Next, I would like to suggest that you practice in such a way that you
are at ease with the whole process. Gradually expand that attitude of
ease to encompass more and more. Once you’ve freed yourself of
all these annoying emotions and become naked, it’s not like you
can just lean back and take it easy. That is not sufficient. You can
awaken a sense of responsibility for all the other sentient beings who
are exactly the way you used to be, tormented by negative emotions.
You can begin helping them—first one, then two, then three, and
finally all sentient beings.
Otherwise, what Gampopa said may come true: If you do not practice the
Dharma correctly, it could become a cause for rebirth in the lower realms.
That may happen for many people. In fact, it happens more frequently
among old practitioners than with beginners.
Someone may relate to Dharma merely as a kind of remedy to be used when
confused or upset. This of course is not the real purpose of spiritual
practice. In this kind of situation, you do some practice till you have
settled down, and then you set it aside and forget all about it. The
next time you get upset, you do some more practice in order to feel
good again. Of course, reestablishing one’s equilibrium in this
way is one of the minor purposes of practice, but it’s not the
real goal. Doing this is a way of using the Dharma as if it were a type
of therapy. You may of course choose to do this, but I do not think
it will get you enlightened. Feel a little bit unhappy, do some Dharma,
get happy. Feel a little bit upset, then feel fine, then again feel
unhappy. If you just continue like this, holding this very short-term
view in mind, then there is no progress. “Last night I didn’t
sleep—my mind was disturbed, and the dog was barking next door.
Now my mind is a little upside down, so I need to do a session to cure
it. Okay, this morning I’ll meditate.”
Do not practice in this way. Dharma practice is not meant merely to
make oneself feel better. The whole point of spiritual practice is to
liberate oneself through realization and also to liberate others through
compassionate capacity. To practice in order to feel better only brings
one back up to that same level—one never makes any real progress.

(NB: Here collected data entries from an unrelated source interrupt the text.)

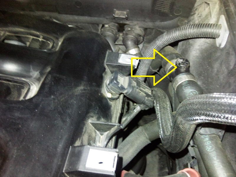Anschluß Entlüftungsschlauch am Ausgleichsbehälter HIER links am Einfüllstutzen zu sehen.
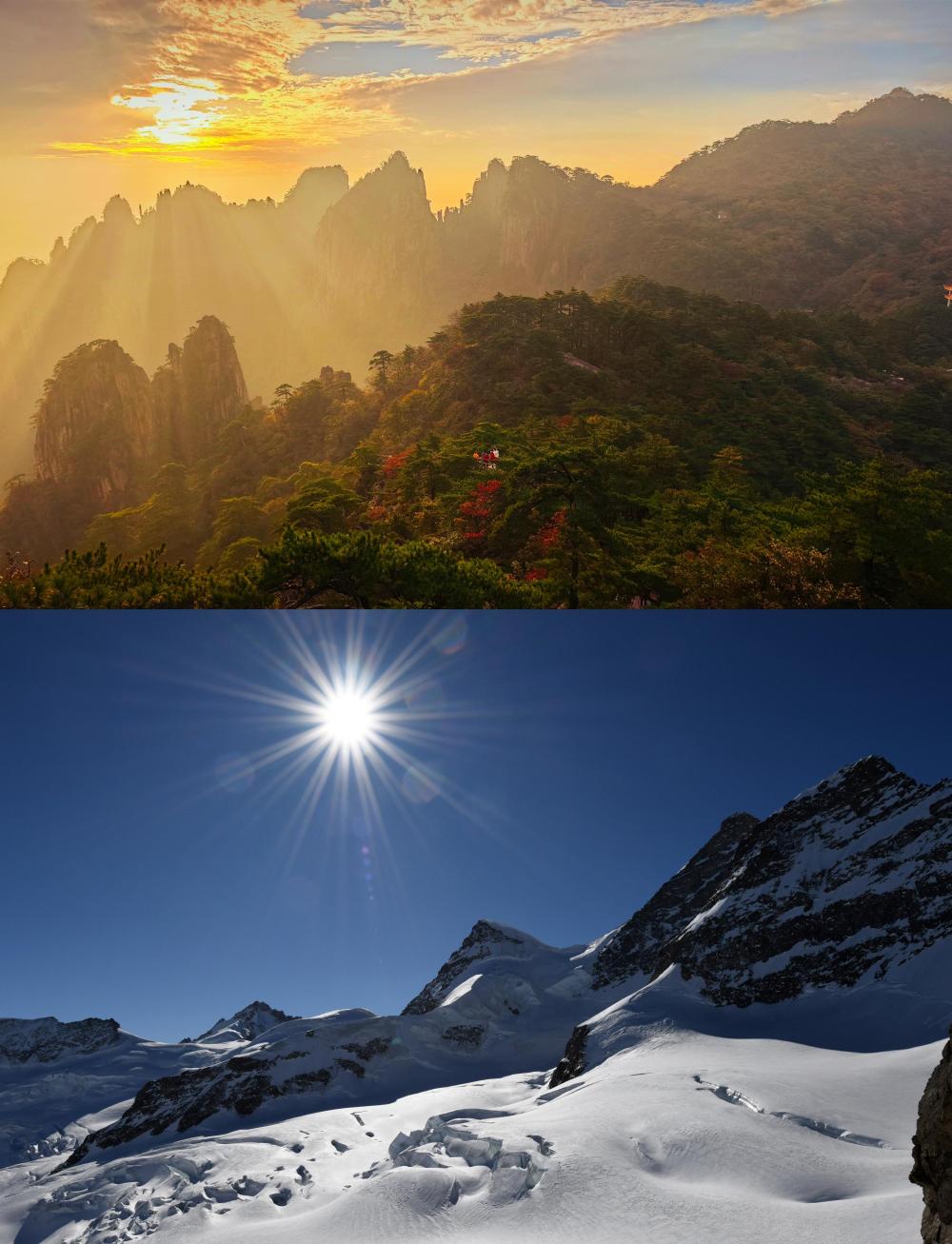 上图为2024年10月9日拍摄的安徽省黄山秋色(新华社发 丁家庆 摄);下图为2023年2月14日在海拔3571米的瑞士少女峰斯芬克斯观景台拍摄的阿莱奇冰川(新华社记者 连漪 摄)。
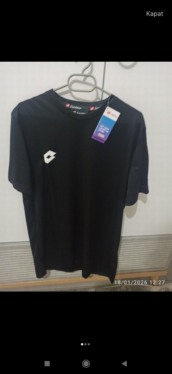 Siyah, kısa kollu, yuvarlak yaka, bol kesim erkek spor tişörtü, baskılı logo ve Velcro detaylı, sentetik kumaştan yapılmıştır. ♂️
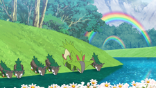 Liko y los demás llegan a la cumbre de la Montaña Pericarpio, donde la tierra se une con el cielo, todos quedan maravillados con el paisaje y en eso el Rayquaza negro se aparece ante todos y con su poder logra disipar las nubes descubriendo un hermoso bioma verde, donde ven muchos árboles de bayas de gran tamaño y donde la atmosfera es cálida a pesar de estar muy alto en la montaña.
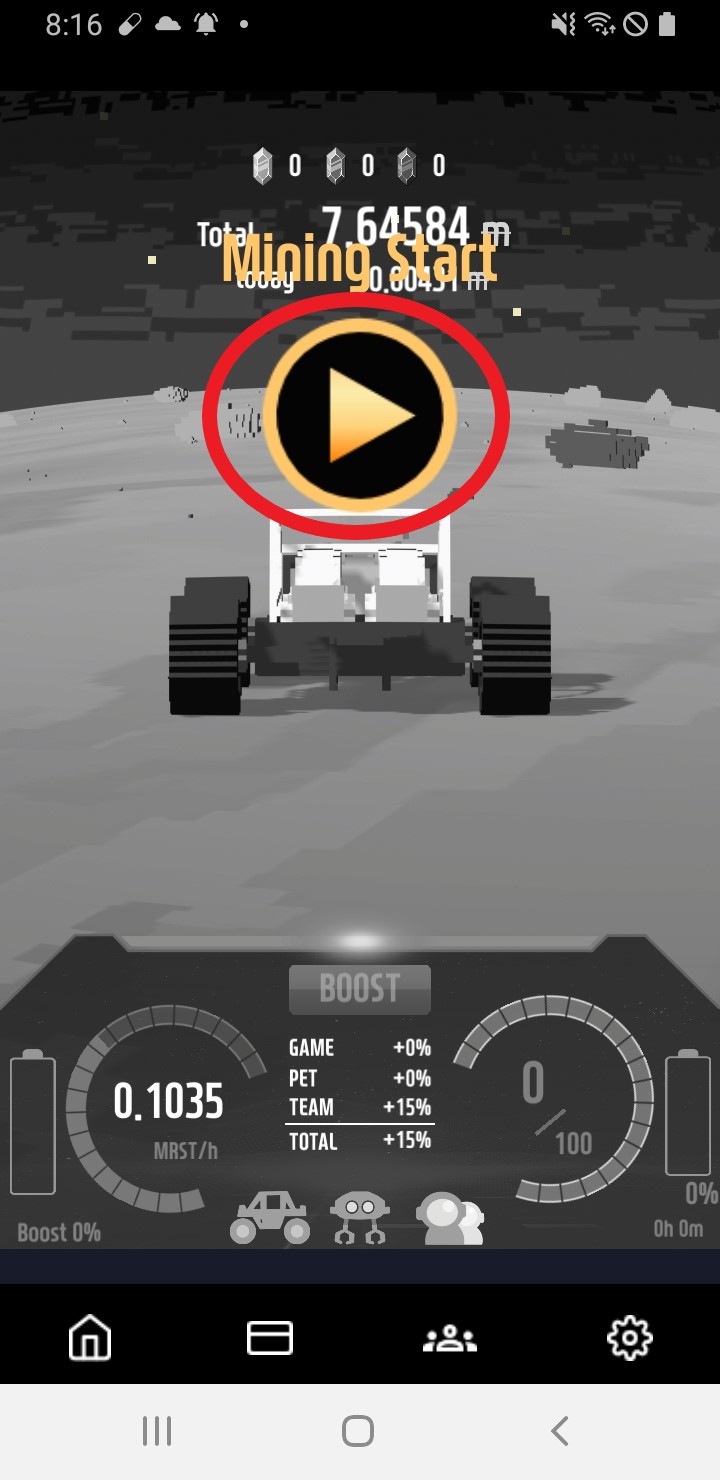 유저가 채굴 앱 메인화면에 접속하면 "재생"버튼을 통해 기본 채굴 (100%) 채굴을 시작할 수 있습니다.
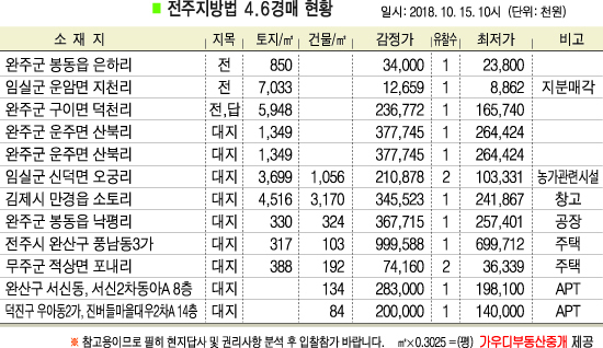 △무주군 적상면 포내리(주택)= 본 건은 괴목초등학교 남동측 인근에 위치하며, 주변은 단독주택과 농경지 등으로 구성된 지방도주변 농촌지대이다.
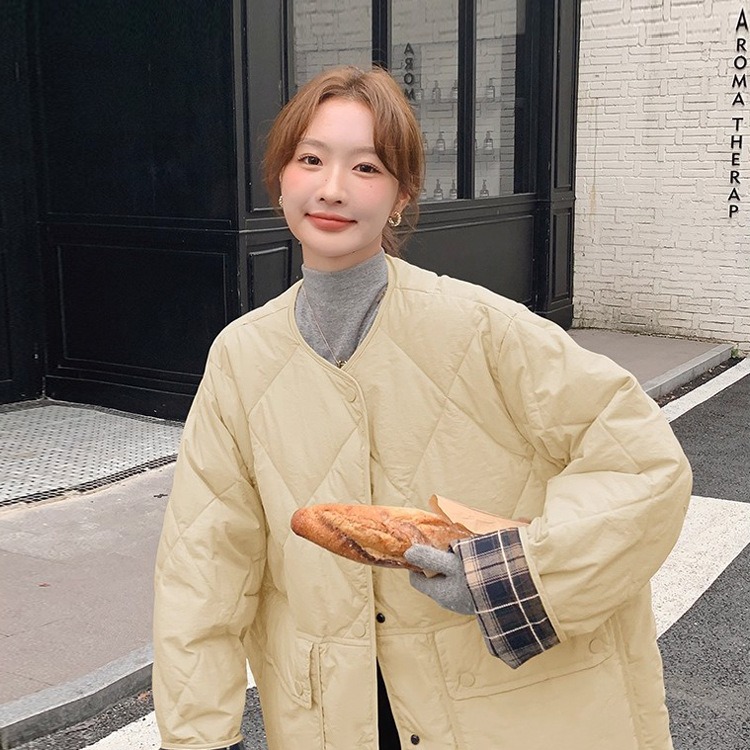圆领格子拼接羽绒棉服女2025年新款轻薄短款小个子宽松棉袄潮

At the end of one’s life, one just happens to feel good till the
end of one’s last session and then that’s it—nothing
happens beyond that. With this attitude of merely feeling good becoming
the type of Buddhism that spreads in the West, we may see a huge scarcity
of enlightened masters in the future. They will become an endangered
species.
Please understand that the pursuit of “feeling better” is
a samsaric goal. It is a totally mundane pursuit that borrows from the
Dharma and uses all its special methods in order to fine-tune ego into
a fit and workable entity. The definition of a worldly aim is to try
to achieve something for oneself with a goal-oriented frame of mind—“so
that I feel good.” We may use spiritual practice to achieve this,
one good reason being that it works much better than other methods.

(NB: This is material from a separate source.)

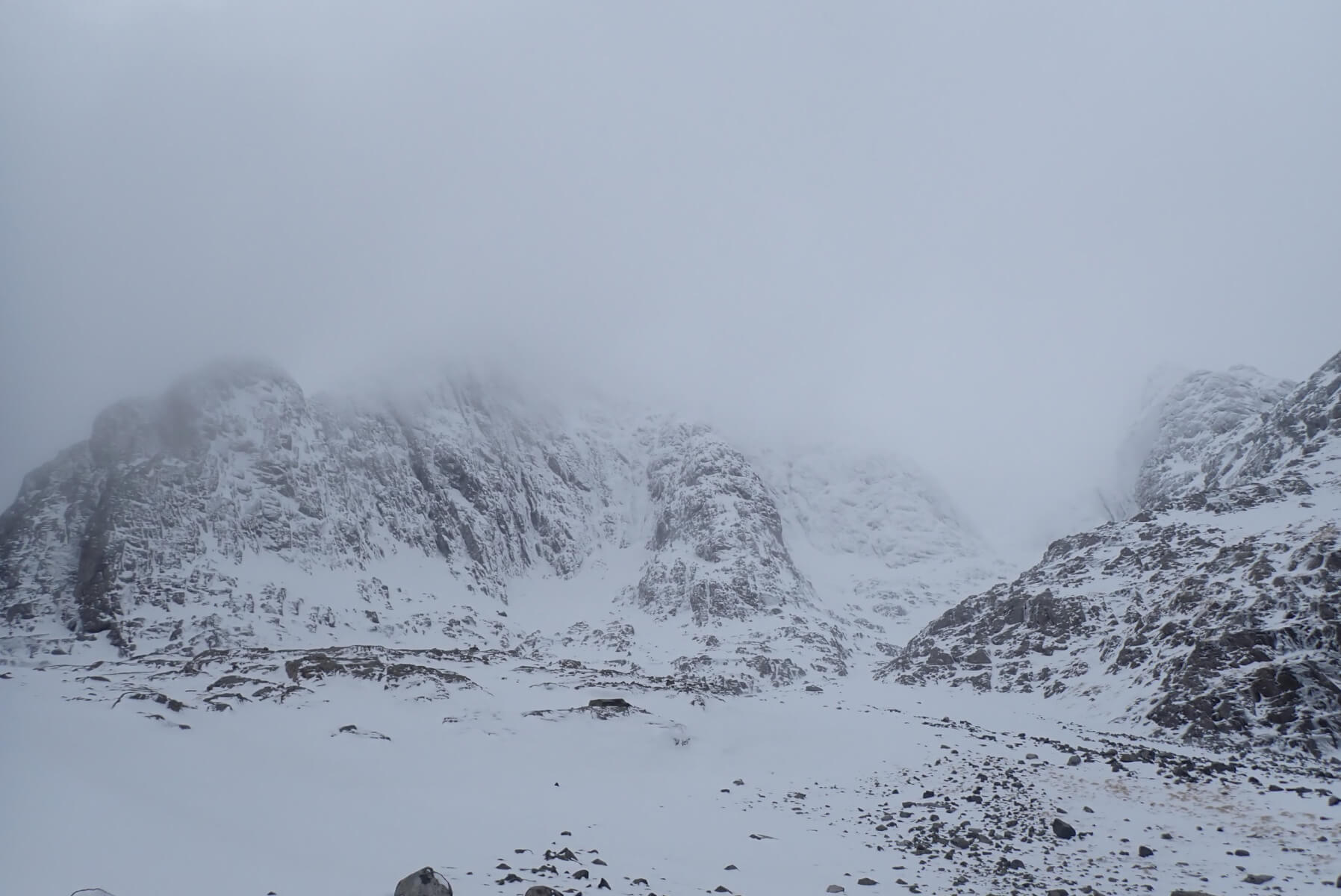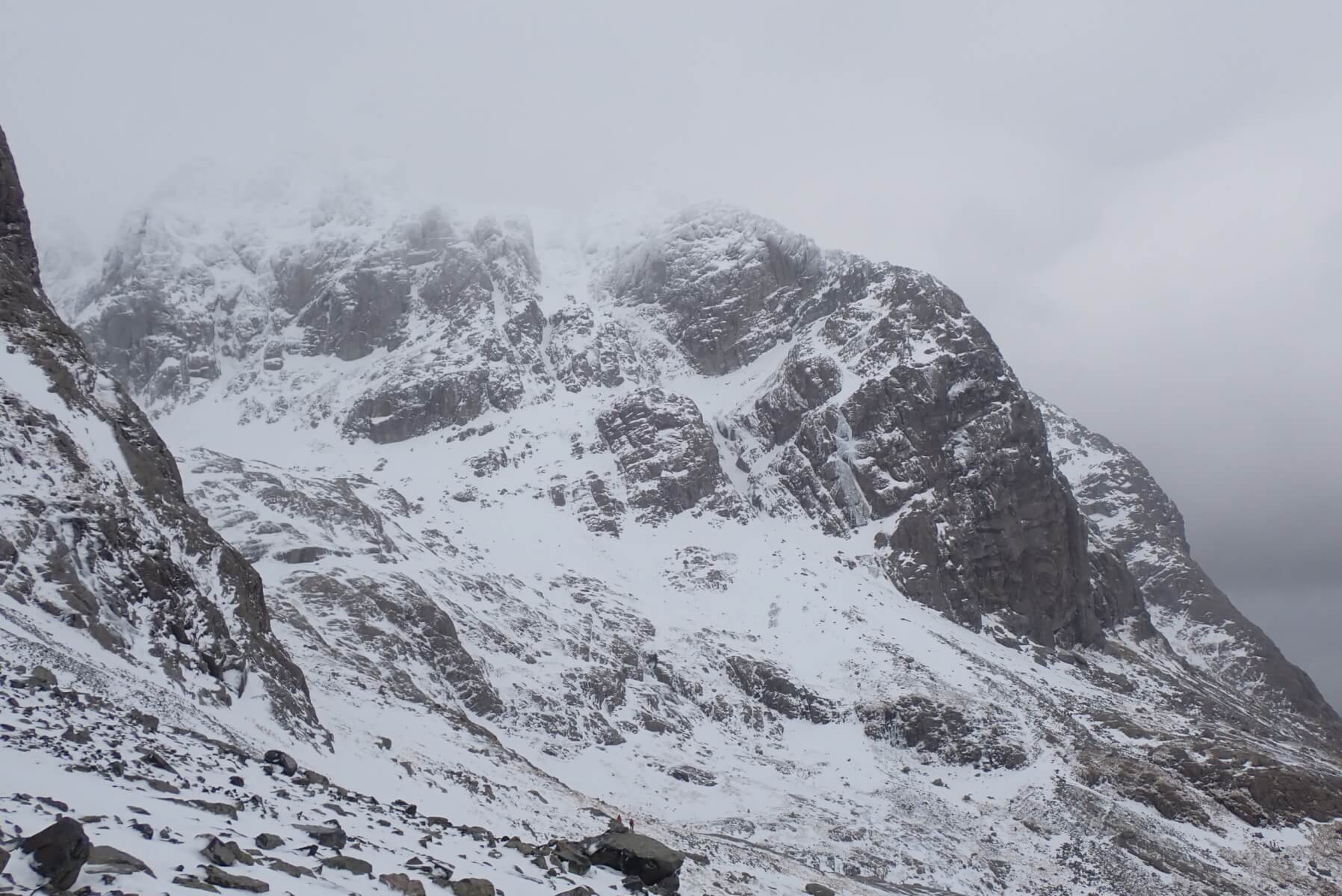 The crags disappearing into the cloud. Observatory Ridge in the centre of the photo.

If we’re on this path, we do a little spiritual practice and pretend
to be doing it sincerely. This kind of deception, hiding the ego-oriented,
materialistic aim under the tablecloth, might include something like
“I take refuge in the Buddha, Dharma, and Sangha, so I must be
pure.” Gradually, as we become more astute at spiritual practice,
we may bring our materialistic aim out into the open. This is quite
possible: people definitely do it. But if this is how you practice,
you won’t get anywhere in the end. How could one ever become liberated
through selfishness?
There comes a point when we start to lose faith in the illusions of
this world: our level of trust in illusions begins to weaken, and we
become disappointed. Using spiritual practice to nurture our ego back
into good health while still retaining trust in these illusory aims
does not set us free. True freedom does not mean having a healthy faith
in illusions; rather, it means going completely beyond delusion. This
may not sound particularly comforting, but it is true. It may be an
unpleasant piece of news, especially if we have to admit to ourselves,
“I have really been fooling myself all along. Why did I do all
this practice? Am I completely wrong?” What can you do to pretend
this isn’t true? Facing the truth is not pleasant.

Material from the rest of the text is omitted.